We quickly figured out how to link the first four moves, but it took us another solid half-hour of work to decipher the foot movement needed to escape the heel hook and set up for the big move to the long juggy edge that marks the end of the hard climbing.  We were getting cooked down in the hot pit, but worked to polish the beta.  Finally I was linking right to the big move, but still falling reaching for the edge.  A little more work to perfect the foot movement paid off, and soon I had my hand on the long edge, and I followed the line of juggy edges and rails to the top of the boulder.  So stoked to send this thing at last!  Such a great new problem!  I decided to call it The Blessing (V7).

Navigating the blocks of the City of Giants / Karst Valley, looking for shade.

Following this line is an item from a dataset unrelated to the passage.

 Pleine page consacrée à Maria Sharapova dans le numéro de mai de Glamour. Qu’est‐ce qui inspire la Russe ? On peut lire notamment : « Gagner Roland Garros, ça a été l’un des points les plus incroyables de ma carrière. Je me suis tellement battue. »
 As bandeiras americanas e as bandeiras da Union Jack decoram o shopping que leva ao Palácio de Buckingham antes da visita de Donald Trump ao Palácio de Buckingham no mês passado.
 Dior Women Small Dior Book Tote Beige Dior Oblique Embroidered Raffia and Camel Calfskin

Kyle was also getting very close, but by this time it was getting unbearably hot in the pit, so we decided to dash over to the Split Boulder projects which are shaded almost all day long.  Arriving at the boulder, we drank some water and sat in the shade for a half-hour to recover.  Feeling better, we set up the mats beneath the Split Right Project and set to work.  My first two attempts were miserable; I felt sluggish and sleepy.  On my next try I think I fell at the third move - a blunt pinch - but I felt better.  I rested for a few minutes, and pulled on to give it another try.  I moved smoothly through the first two moves - a good edge, and a hard right-hand crossover to a very sloping edge - and then pulled to the blunt pinch with my left,  Resetting my heel carefully, I reached up to the tiny right-hand crimp, and got it almost perfectly.  I shifted my right had a bit to reset it, and then looked up at the last hard move - a strange short leftward deadpoint to a good gaston. I set up, and popped to the hold, and stuck it!  Adrenaline surging, I did the last three moves, and topped out.  Exciting to send such an amazing problem!  After a lot of reflection, I decided to call it The Right Right (V8), since its the better (i.e. the 'right') version of what had been called the Split Right Project.

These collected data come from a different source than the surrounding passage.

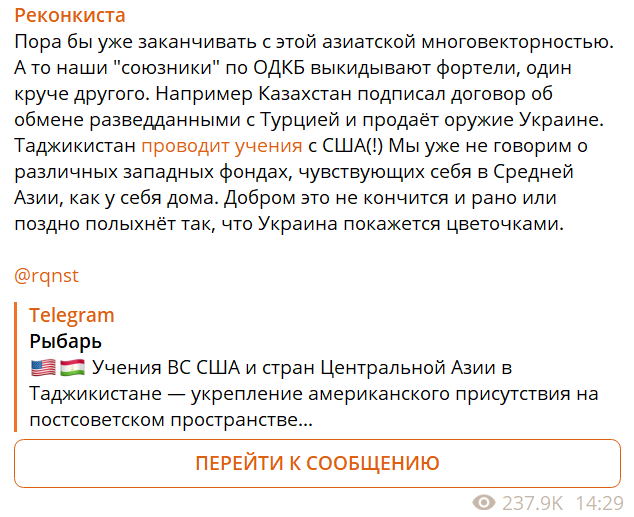 This (together w/ some other news about e.g. Tajikistan's drills w/ the US) sparked another wave of anger among Russian hawks.
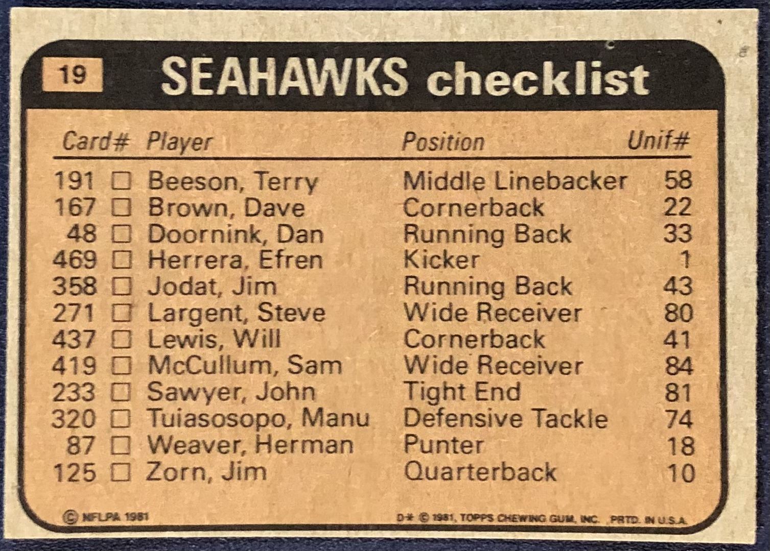Card #19 NFL, football, vintage
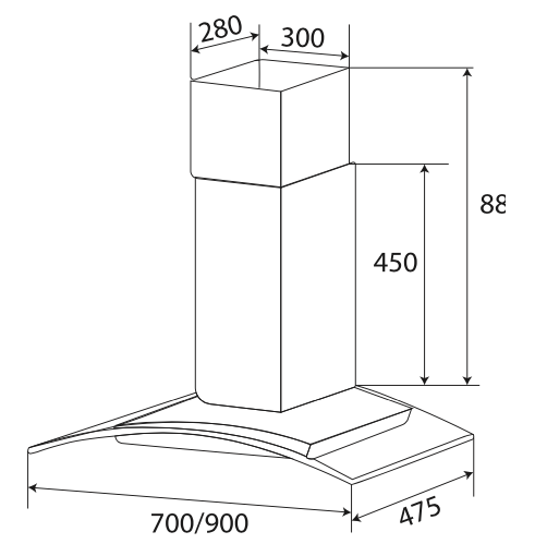 Thông số kỹ thuật: • Máy hút mùi kính cong • Thân máy bằng inox sáng đẹp • Kính cường lực dày 5mm tráng men bóng cao cấp • Điều khiển phím bấm 3 tốc

Now in the hottest part of the day, we decided to stay in the shade and try the Split Left Project.  The Split Left Project is one of the most difficult in the Slide, with five very hard moves in a row leading to two somewhat easier finishing moves.  I set myself a tiny goal - the first move.  After a few tries I could do the first move, and I was reasonably satisfied, especially since the second move - a crossover from one small edge to another - seemed virtually impossible.  The third move - a big reach left to an incut slot - also seemed almost impossible.  I kept trying the moves, but couldn't muster the power required for the second, third, or fifth (a huge jump to a sidepull) moves.  Kyle was determined, though, and kept working to decipher the moves.  I was skeptical, but Kyle began to make progress on the line.  One by one, the moves fell, and after an hour or so, Kyle had done all of the moves individually, and had linked several of the sequences.  An amazing effort, on a problem that feels impossible to me!  It seems likely that the Split Left Project will fall this summer as well!

Kyle bearing down on the small holds of the Split Left Project.  Small holds, tricky feet!

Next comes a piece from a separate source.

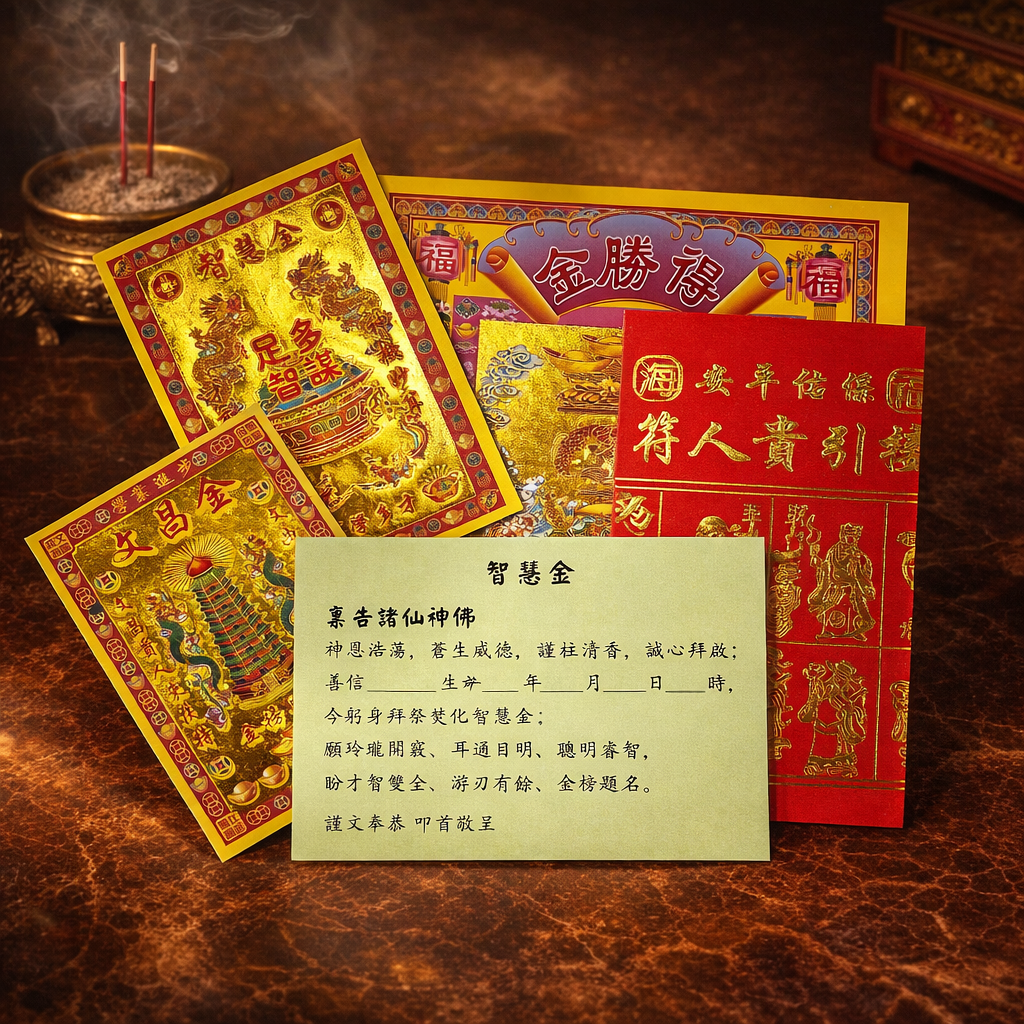 智慧金用于祈愿思路清明判断稳定之用;智慧金,主要用于学习、思考、决策与判断相关之祈愿,适合学生、上班族、经营者、管理者,在需要冷静分析、清楚思路、减少混乱时,以诚心进行焚烧使用,表达对智慧与明晰判断的祝愿。在民间观念中,「智慧」并非聪明一时,而是思路顺、判断稳、取舍清楚。焚烧智慧金,象征为自身注入沉静而有条理的能量,让思考不急躁,决策不偏差。此金适合阶段性或长期焚烧使用,尤其适合面对考试、重要决定、复杂事务之前。
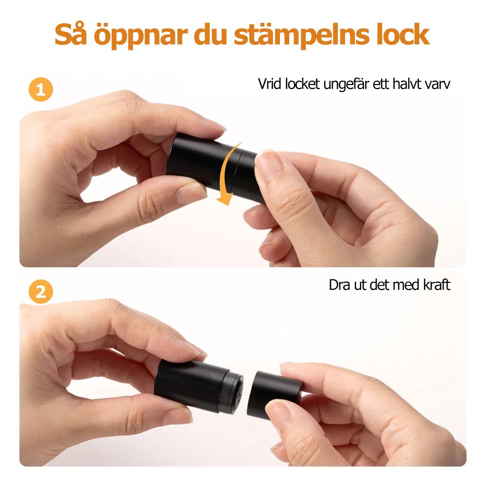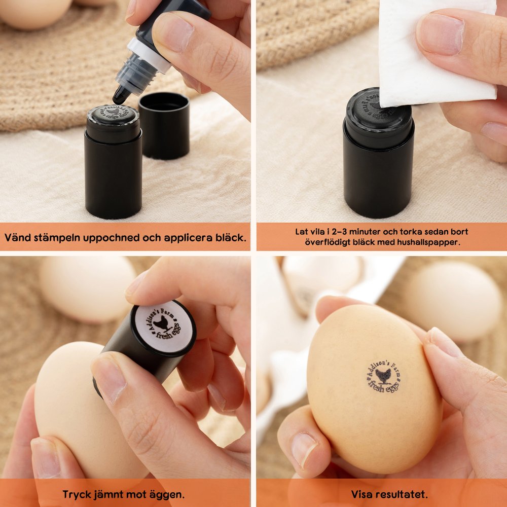 1. När du använder stämpeln de första gångerna kan locket kännas hårt men det är avsiktligt för att säkerställa en tät förslutning så dra bara av och sätt på det några gånger för att det ska bli smidigare att hantera. 2. Innan du börjar stämpla på äggen bör du testa avtrycket på ett vitt papper för att säkerställa bästa resultat och när du ser att motivet är tydligt kan du börja stämpla direkt på äggytan 3. Om avtrycket blir otydligt kan du använda en fuktad bomullspinne och försiktigt stryka den fram och tillbaka över stämpelytan för att rengöra den och sedan testa på papper igen på samma sätt som ovan tills trycket blir perfekt.

By now it was late in the day, and instead of packing it in (the sensible choice) we headed over to The Cure.  Arranging the mats carefully (The Cure has a somewhat risky fall zone), I tried to muster the energy to bear down on the smooth holds of the Porcelain boulder.  It took me several tries, but eventually I managed to pull through the blunt pinch crux and head up to the fun topout of The Cure.  Another problem sent in the City of Giants!

Now thoroughly beat, we packed up in the setting sun and headed to Tim Hortons for cold drinks.  A great day of bouldering at Frank Slide, and I felt lucky to have sent such a great 'hat trick' of hard new problems in the City of Giants: The Blessing, The Right Right, and The Cure.